TASK DIRECTIONS:
Verbatim reproduction of the entries is required; images must be omitted.
=== Begin Enclosure ===
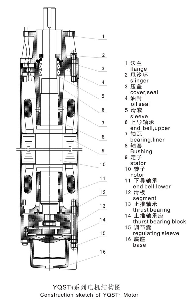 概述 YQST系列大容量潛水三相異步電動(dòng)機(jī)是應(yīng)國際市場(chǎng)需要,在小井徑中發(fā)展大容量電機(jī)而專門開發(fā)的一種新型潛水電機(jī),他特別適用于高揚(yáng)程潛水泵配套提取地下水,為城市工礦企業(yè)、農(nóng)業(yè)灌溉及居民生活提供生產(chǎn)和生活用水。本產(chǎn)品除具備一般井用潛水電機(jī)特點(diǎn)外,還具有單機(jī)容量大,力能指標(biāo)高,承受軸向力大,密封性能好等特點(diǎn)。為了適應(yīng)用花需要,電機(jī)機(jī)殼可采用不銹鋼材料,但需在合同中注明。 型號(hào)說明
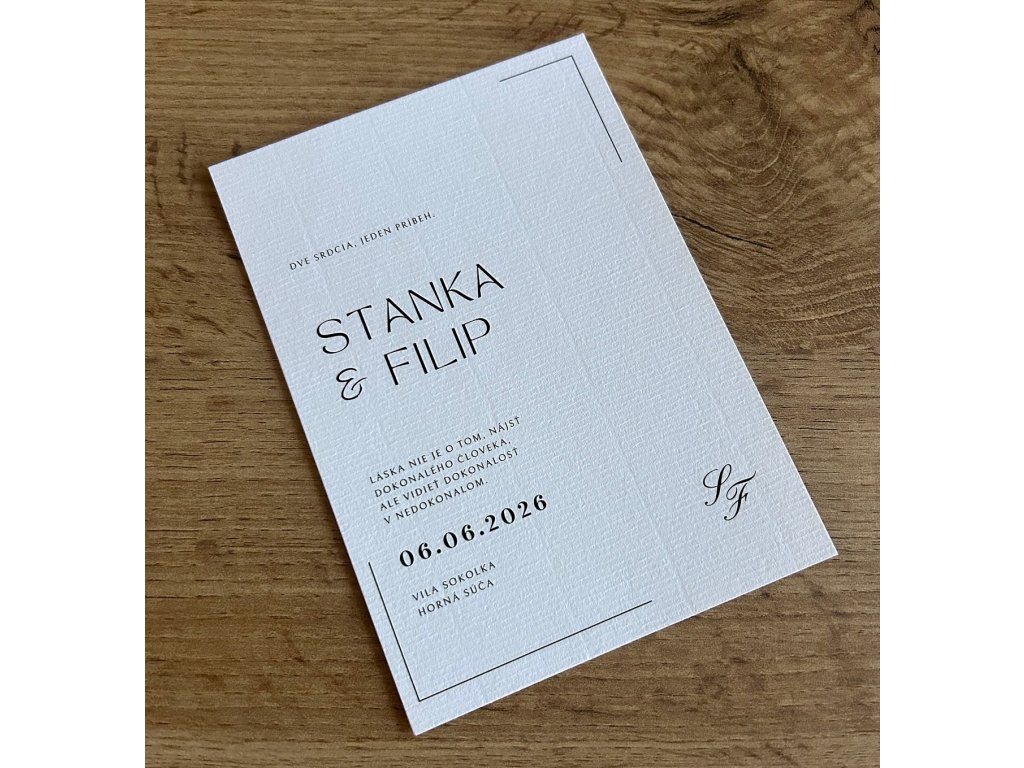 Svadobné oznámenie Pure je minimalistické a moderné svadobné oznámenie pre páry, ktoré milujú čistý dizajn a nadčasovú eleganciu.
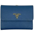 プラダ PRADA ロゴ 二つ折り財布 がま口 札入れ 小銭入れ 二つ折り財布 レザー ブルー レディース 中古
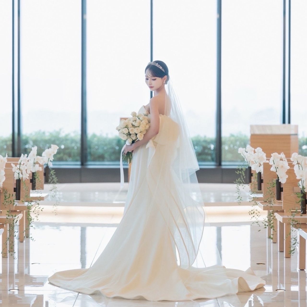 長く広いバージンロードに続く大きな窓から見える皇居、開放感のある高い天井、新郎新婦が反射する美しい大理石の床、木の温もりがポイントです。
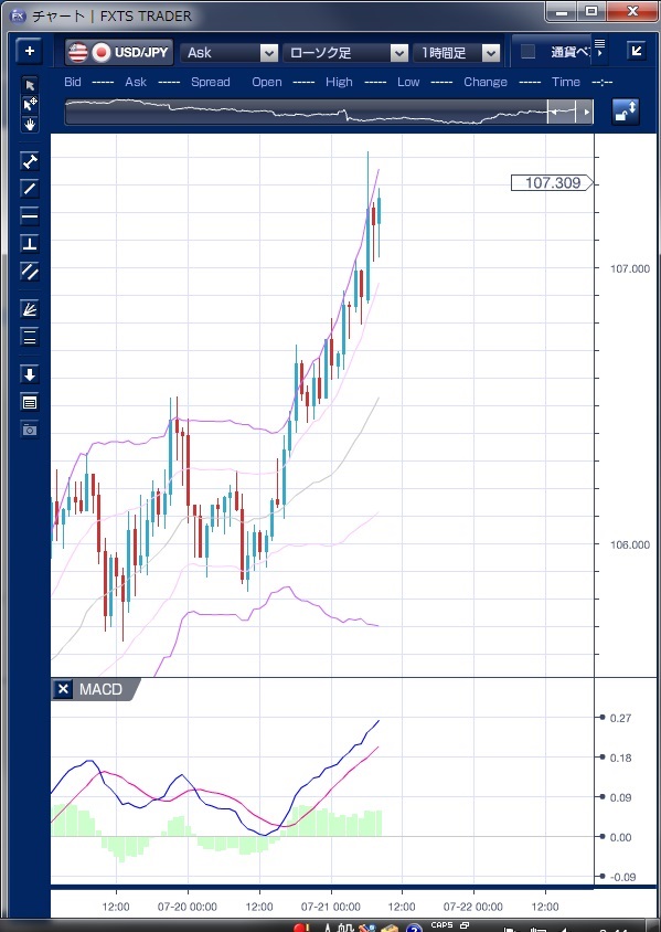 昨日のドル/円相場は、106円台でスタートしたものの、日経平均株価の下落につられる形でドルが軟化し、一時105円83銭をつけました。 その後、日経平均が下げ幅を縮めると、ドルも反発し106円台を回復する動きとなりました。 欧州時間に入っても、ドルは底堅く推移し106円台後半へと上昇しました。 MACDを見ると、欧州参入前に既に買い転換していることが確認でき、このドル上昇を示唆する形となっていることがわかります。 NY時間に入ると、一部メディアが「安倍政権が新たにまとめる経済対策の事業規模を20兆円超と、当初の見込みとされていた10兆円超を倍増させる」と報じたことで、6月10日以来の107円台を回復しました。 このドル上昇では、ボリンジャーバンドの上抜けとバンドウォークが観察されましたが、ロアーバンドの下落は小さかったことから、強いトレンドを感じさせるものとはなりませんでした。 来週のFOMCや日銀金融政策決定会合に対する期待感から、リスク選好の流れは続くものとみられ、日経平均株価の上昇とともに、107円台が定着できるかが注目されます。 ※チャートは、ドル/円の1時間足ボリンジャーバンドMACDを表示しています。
=== End Enclosure ===
ANSWER BOX:
 概述 YQST系列大容量潛水三相異步電動(dòng)機(jī)是應(yīng)國際市場(chǎng)需要,在小井徑中發(fā)展大容量電機(jī)而專門開發(fā)的一種新型潛水電機(jī),他特別適用于高揚(yáng)程潛水泵配套提取地下水,為城市工礦企業(yè)、農(nóng)業(yè)灌溉及居民生活提供生產(chǎn)和生活用水。本產(chǎn)品除具備一般井用潛水電機(jī)特點(diǎn)外,還具有單機(jī)容量大,力能指標(biāo)高,承受軸向力大,密封性能好等特點(diǎn)。為了適應(yīng)用花需要,電機(jī)機(jī)殼可采用不銹鋼材料,但需在合同中注明。 型號(hào)說明
 Svadobné oznámenie Pure je minimalistické a moderné svadobné oznámenie pre páry, ktoré milujú čistý dizajn a nadčasovú eleganciu.
 プラダ PRADA ロゴ 二つ折り財布 がま口 札入れ 小銭入れ 二つ折り財布 レザー ブルー レディース 中古
 長く広いバージンロードに続く大きな窓から見える皇居、開放感のある高い天井、新郎新婦が反射する美しい大理石の床、木の温もりがポイントです。
 昨日のドル/円相場は、106円台でスタートしたものの、日経平均株価の下落につられる形でドルが軟化し、一時105円83銭をつけました。 その後、日経平均が下げ幅を縮めると、ドルも反発し106円台を回復する動きとなりました。 欧州時間に入っても、ドルは底堅く推移し106円台後半へと上昇しました。 MACDを見ると、欧州参入前に既に買い転換していることが確認でき、このドル上昇を示唆する形となっていることがわかります。 NY時間に入ると、一部メディアが「安倍政権が新たにまとめる経済対策の事業規模を20兆円超と、当初の見込みとされていた10兆円超を倍増させる」と報じたことで、6月10日以来の107円台を回復しました。 このドル上昇では、ボリンジャーバンドの上抜けとバンドウォークが観察されましたが、ロアーバンドの下落は小さかったことから、強いトレンドを感じさせるものとはなりませんでした。 来週のFOMCや日銀金融政策決定会合に対する期待感から、リスク選好の流れは続くものとみられ、日経平均株価の上昇とともに、107円台が定着できるかが注目されます。 ※チャートは、ドル/円の1時間足ボリンジャーバンドMACDを表示しています。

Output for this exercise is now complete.